SlaugFL: Efficient Edge Federated Learning With Selective GAN-Based Data Augmentation

Federated Learning (FL) has been widely used to facilitate distributed and privacy-preserving machine learning in recent years. Different from centralized training that usually has independent and identically distributed (IID) distribution of all users' data, FL suffers from significant communication cost and model performance degradation due to the non-IID data from individual edge devices. Existing work calibrates the local models using a global anchor or sharing global data. However, these studies either assume that the central server has the global dataset or require participating devices to share raw data, which incurs additional communication costs and privacy concerns.
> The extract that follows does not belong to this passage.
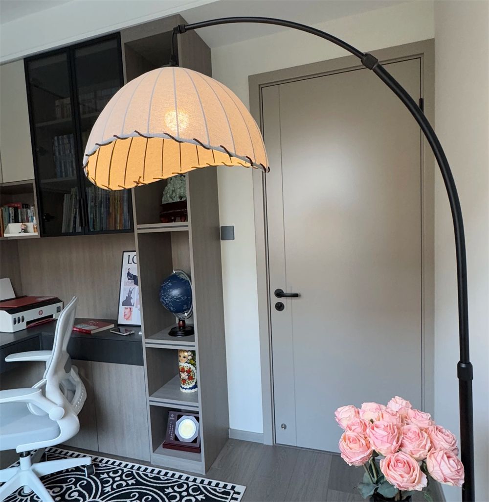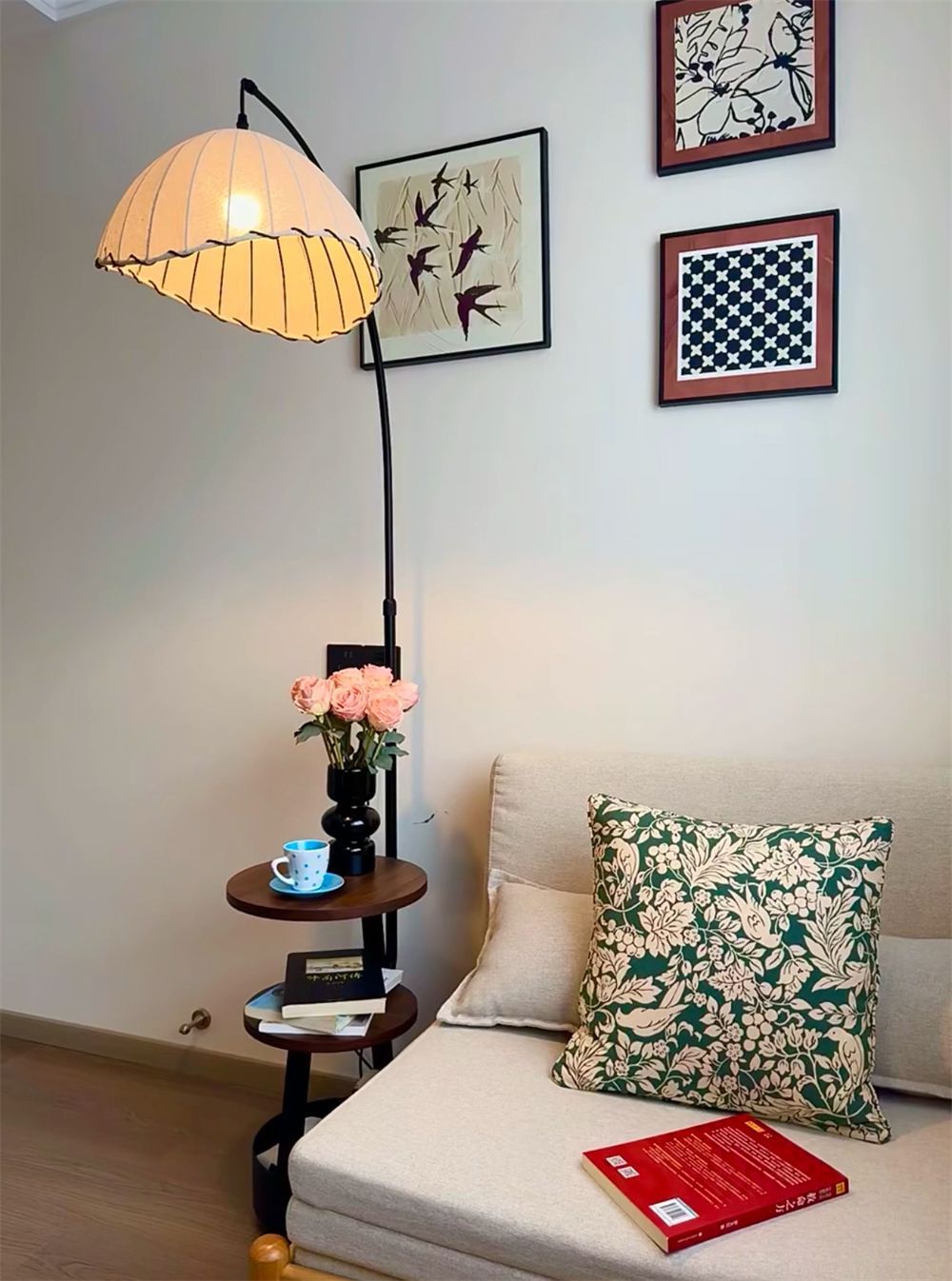 哦对了,这小沙发旁边还有一盏落地灯,一方面,它可以起到阅读时的照明作用,不必每次都打开主灯,另一方面,灯体自带的两层桌台也可以放置手机、水杯或书本等物,十分节省空间。

In this paper, we propose SlaugFL , a novel selective GAN-based data augmentation scheme for communication-efficient edge FL, which selects representative devices to share specific local class prototypes with the central server for GAN model training and improves FL performance with the trained GAN. Specifically, on the server side, we generate diverse labeled candidate data with the help of powerful generative models (the stable diffusion model and ChatGPT). To ensure that the GAN-generated data possesses a similar domain to the devices' local data, we leverage these selected local class prototypes to pick desired GAN training samples from the labeled candidate data. On the device side, we propose a dual-calibration approach consisting of two calibration manners. Concretely, we augment devices' non-IID data with the trained GAN model, where devices utilize the trained GAN model to generate the IID dataset. Thus, the device's local model can be directly calibrated with the augmented data. With the generated IID data, we yield privacy-free (p-f) global class prototypes which can be employed to further calibrate devices' local models. Combining these two calibrations effectively improves devices' local models. Extensive experimental results show that SlaugFL can significantly reduce the communication cost (up to 52.49%) while achieving the same accuracy, compared to the state-of-the-art work.